The Bedding Proposal by Tracy Anne Warren, the first book in her Rakes of Cavendish Square series. I loved this and started reading the second book in the series straight after.

Next: Her Enemy at the Altar by Virginia Heath.

Happily Bedded BlissThe Bedding ProposalHer Enemy at the Altar

3. What book did everyone like, but you hated?

I can’t recall any book that I’ve truly hated but Lisa Kleypas’ Crystal Cove, the last book in her contemporary Friday Harbor series, was a real disappointment.

Crystal Cove

4. What book do you keep telling yourself you’ll read, but you probably won’t?

I downloaded Outlander by Diana Gebaldon but I’m sure I’ll never read it.

5. What book are you saving for retirement?

No need to save any books because I’m already retired!

6. Last page: read it first, or wait ’til the end?

I always wait until the end because I want to savour the hero and heroine’s journey to their Happy Ever After.

7. Acknowledgement: waste of paper and ink, or interesting aside?

I am rather biased because I have been the recipient of such an Acknowledgement from an author.

8. Which book character would you switch places with?

Aline Marsden in Lisa Kleypas’ Again the Magic because I want to hear John McKenna say:

I want morning and noon and nightfall with you. I want your tears, your smiles, your kisses…. the smell of your hair, the taste of your skin, the touch of your breath on my face. I want to see you in the final hour of my life….to lie in your arms as I take my last breath.”

Again the Magic


9. Do you have a book that reminds you of something specific in your life? (Place, time, person?)

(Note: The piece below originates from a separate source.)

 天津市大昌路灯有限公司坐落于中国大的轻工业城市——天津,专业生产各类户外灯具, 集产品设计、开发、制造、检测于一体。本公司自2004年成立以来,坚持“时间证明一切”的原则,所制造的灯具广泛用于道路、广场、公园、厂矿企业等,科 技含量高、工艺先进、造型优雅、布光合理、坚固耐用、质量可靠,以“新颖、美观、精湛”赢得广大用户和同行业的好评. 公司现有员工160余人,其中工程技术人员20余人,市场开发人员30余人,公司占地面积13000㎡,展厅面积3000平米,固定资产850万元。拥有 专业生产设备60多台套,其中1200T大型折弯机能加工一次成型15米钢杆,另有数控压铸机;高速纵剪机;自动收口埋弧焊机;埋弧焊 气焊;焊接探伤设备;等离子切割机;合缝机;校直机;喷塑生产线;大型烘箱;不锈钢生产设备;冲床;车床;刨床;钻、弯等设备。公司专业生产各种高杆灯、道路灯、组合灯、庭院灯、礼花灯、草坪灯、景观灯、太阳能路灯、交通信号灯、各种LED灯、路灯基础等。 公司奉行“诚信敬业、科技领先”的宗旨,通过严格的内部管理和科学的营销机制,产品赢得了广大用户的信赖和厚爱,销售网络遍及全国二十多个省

I still have a copy of Whitney, My Love by Judith McNaught because this was the book that introduced me to the wonderful world of historical romance.

Whitney, My Love

10. Name a book that you acquired in an interesting way.

I can’t recall one.

11. Have you ever given a book away for a special reason to a special person?

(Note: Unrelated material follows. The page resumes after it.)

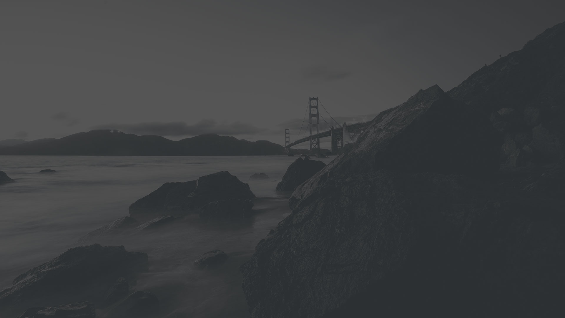 Ein stimmungsvolles, dunkel getöntes Foto der Golden Gate Bridge in San Francisco, die teilweise durch große Felsen entlang der Küste verdeckt wird, während im Hintergrund unter einem bewölkten Himmel Wasser und Hügel zu sehen sind.

Not really, but I do donate books to the local Marie Curie Hospice for sale in their local charity shop. The hospice is dedicated to ensuring that people living with a terminal illness and their families get the best support and care.

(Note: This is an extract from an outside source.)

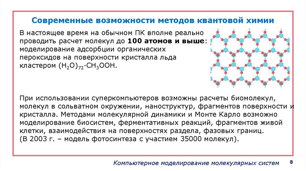 Современные возможности методов квантовой химииВ настоящее время на обычном ПК вполне реально

12. Which book has been with you most places?

No special book but now, with the Kindle app. on my iPhone, I can carry lots of books.

13. Any “required reading” you hated in high school that wasn’t so bad two years later?

There was only one book I really hated which was Barchester Towers by Anthony Trollope. Unfortunately, I still hate it today!

14. Used or brand new?

I’ve bought both used and new books.

15. Have you ever read a Dan Brown book?

No, I have never read any of his books.

16. Have you ever seen a movie you liked more than the book?

I can’t really think of one.

17. Have you ever read a book that’s made you hungry, cookbooks included?

Oh, yes. In Lisa Kleypas’ Dream Lake, the heroine, Zoë, is a wonderful cook and the culinary delights are so vividly described that I could positively smell the aromas wafting past my nose and taste all the mouth-watering delicacies.

18. Who is the person whose book advice you’ll always take?

My dear friend, Wendy Loveridge.

19. Is there a book out of your comfort zone (e.g., outside your usual reading genre) that you ended up loving?

I remember reading The Lady’s Tutor, an erotic novel by Robin Schone. Erotica was a genre that never really appealed to me but I loved this book. It wasn’t just an excuse for a series of explicit sex scenes with the flimsiest of plots, it had an intriguing storyline and a darkly, sensual romance.

The Lady's Tutor


Now I’m tagging:

Frankie – Chicks, Rogues and Scandals

Dot Salvagin – ladeetdareads

Jaci Tobin – The Reading Wench

Rose – Roses Are Blue

l look forward to reading your answers, ladies.